# Sony I-link to USB?



## anngwynne

Does anyone know if there is a way to use the Sony I-link cable from the Sony video camcorder with the Gateway SX 2851-41 which only has USB ports? I need to transfer Sony video tapes to DVD, preferably with the I-link. Any help would be appreciated.


----------



## Davis Goertzen

Hello there,

i.LINK is Sony's name for what is commonly known as Firewire, so you won't be able to use it with USB. You'll need to get a Firewire card. There is Firewire 400 and Firewire 800; a search on Wikipedia will show you images, so you know which one yours is. Then, go to www.newegg.com, search for "firewire card," and see if any of the results are what you're looking for.

Hope that helps you out. Best wishes.

Davis


----------



## anngwynne

Thank you Davis, not sure exactly how my I-link will work with the firewire card and do I need to take the case off to insert this card. Not sure if it is obvious how to remove the case, maybe you have that information. Does the firewire card take the place of the I-link cable and if so how would I attach the Sony camcorder. Sorry to have so many questions but I'm a retired guy with only intermediate computer skills, though I have replaced a DVD drive and added memory in my old Sony. I appreciate you taking the time to help. Thanks again.


----------



## Davis Goertzen

I was actually wrong in my first post, about the name. i.LINK is Sony's name, Firewire is the Apple name, and IEEE-1394 is how it is known generically. But the important thing is, it's just different names for the same interface.

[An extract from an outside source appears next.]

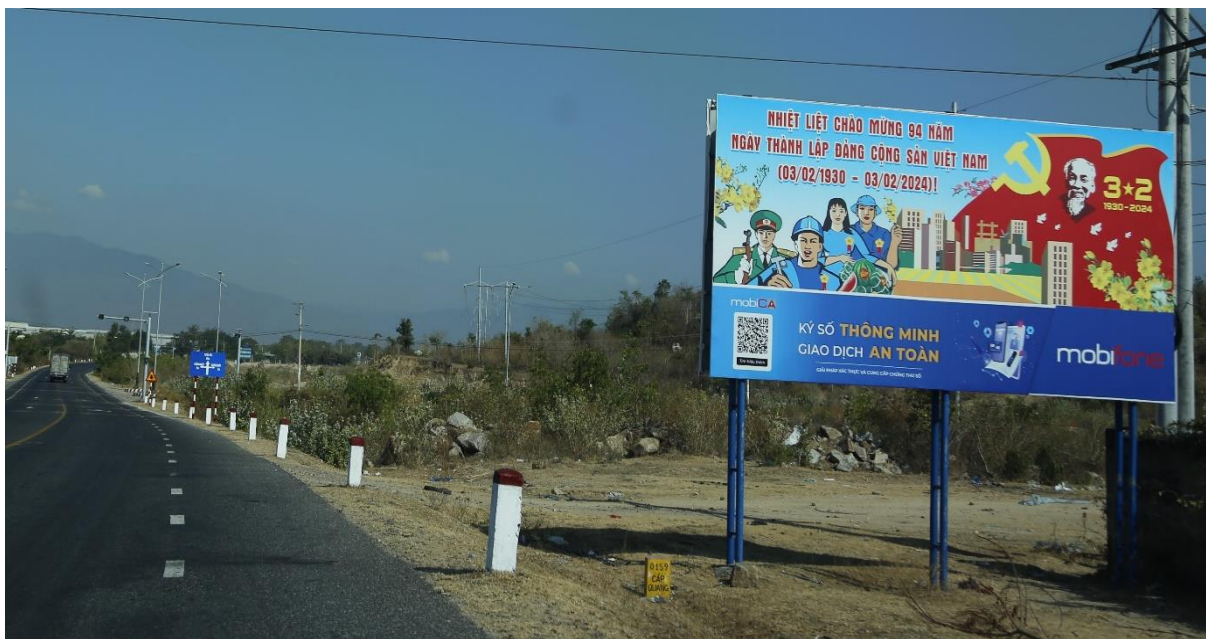
Bảng tuyên truyền Quốc lộ 27, huyện Ninh Sơn

và treo băng rôn ở các khu vực trung tâm thành phố, huyện và trên các trục đường giao thông, nơi cửa ngõ vào địa bàn; tuyên truyền tại trạm tin, bảng tin ở khu vực xã, phường, thị trấn và ở khu dân cư. Đây là hình thức tuyên truyền chủ đạo và có tác dụng lớn trong việc thông tin tuyên truyền các chủ trương, đường lối của Đảng, chính sách, pháp luật của Nhà nước gắn với những ngày lễ, kỷ niệm, các sự kiện của đất nước, của địa phương.

Sorry, maybe I wasn't clear enough about my advice the first time. What I meant is this:

It sounds like on your computer, you don't have a port to accept the i.LINK/FireWire cable. Right? So, the way to get an i.LINK/FireWire port on your computer is to get a card. This will not replace your i.LINK cable; rather, it is a device to add a port which will accept your cable.


Yes, you were quite correct: to insert this card, you will need to remove a side panel of the case. (I _think_ so, because an advertisement for this machine talked about an internally lit side panel. But I could be wrong.) At any rate, at the back of the case there should be some small screws (and possibly some slide latches) holding this side panel (or the whole case, it may be) together. I'm not quite sure, but since you were able to add memory to your Sony, I'm confident in your ability to figure this out.

When you have this off, you will be looking at the motherboard of the computer, with all its components attached to it. You should see a row of slots all together, some shorter, some longer. Which FireWire card you get, will determine which slot you put it in. There are people on this forum who can explain that to you better than I can. Anyway, above each slot, you'll notice an L-shaped metal (sometimes plastic) strip covering a slot; these little covers are often held in place by a screw. When you remove the cover, the face of your card will take its place. So, from the outside, you'll just see the face of the card, and the ports it has.

I hope I may have clarified a few things for you. If not, feel free to fire away with more questions.


----------



## anngwynne

You are right about the fact that I don't have a port for the I-link cable. From what you say the firewire 400 or 800 will have a port for my cable. Your instructions seem to cover everything so I will go ahead and find the card, hopefully, at newegg.com and maybe add more memory at the same time. Thanks again for your help, Regards, Anngwynne


----------



## Davis Goertzen

No problem. If you have more questions, feel free to post back here. If I don't see your post, someone else will.

Best wishes.

Davis


----------



## anngwynne

Hi Davis, I have had no success in finding the right PCI express card, and no help from Gateway. Newegg doesn't help in compatability and phone calls to Gateway were a waste of time. It seems there are lots of PCI express cards and Gateway's specs state I need a PCI express card 2.0 x16 low profile. Does anyone have a Gateway SX-2851-41 who has had the same problem finding the right card? I did purchase one but it did not fit.


----------



## Davis Goertzen

When you say the card did not fit, do you mean that it did not fit in the slot on your computer's motherboard? Or was it only that the metal bracket on the end was too long?
Because if the metal bracket is too long, you can often detach it from the card and file/grind it down to shape. (I did this myself once, with a modem card.)


----------



## anngwynne

I think I actually bought the wrong one, a PCI firewire card, when it should have been a PCI express 2.0 x16 or x1 firewire. The pins on the one I got were over three inches and the slot I have was only 2 3/4, so it just would not work. I thought that the pins had to match the socket. Mine has 72 pins, an 1/8" cap and then 11 pins, but the Gateway tech guy said it doesn't matter about the number of pins as long as it is the PCI express x16 or x1 firewire, so I will order the Manhattan one I saw online and hope it fits. I'll keep in mind what you said about the bracket and shortening its length if necessary. Thanks for all your help and I'll let you know if it works out okay. Regards


----------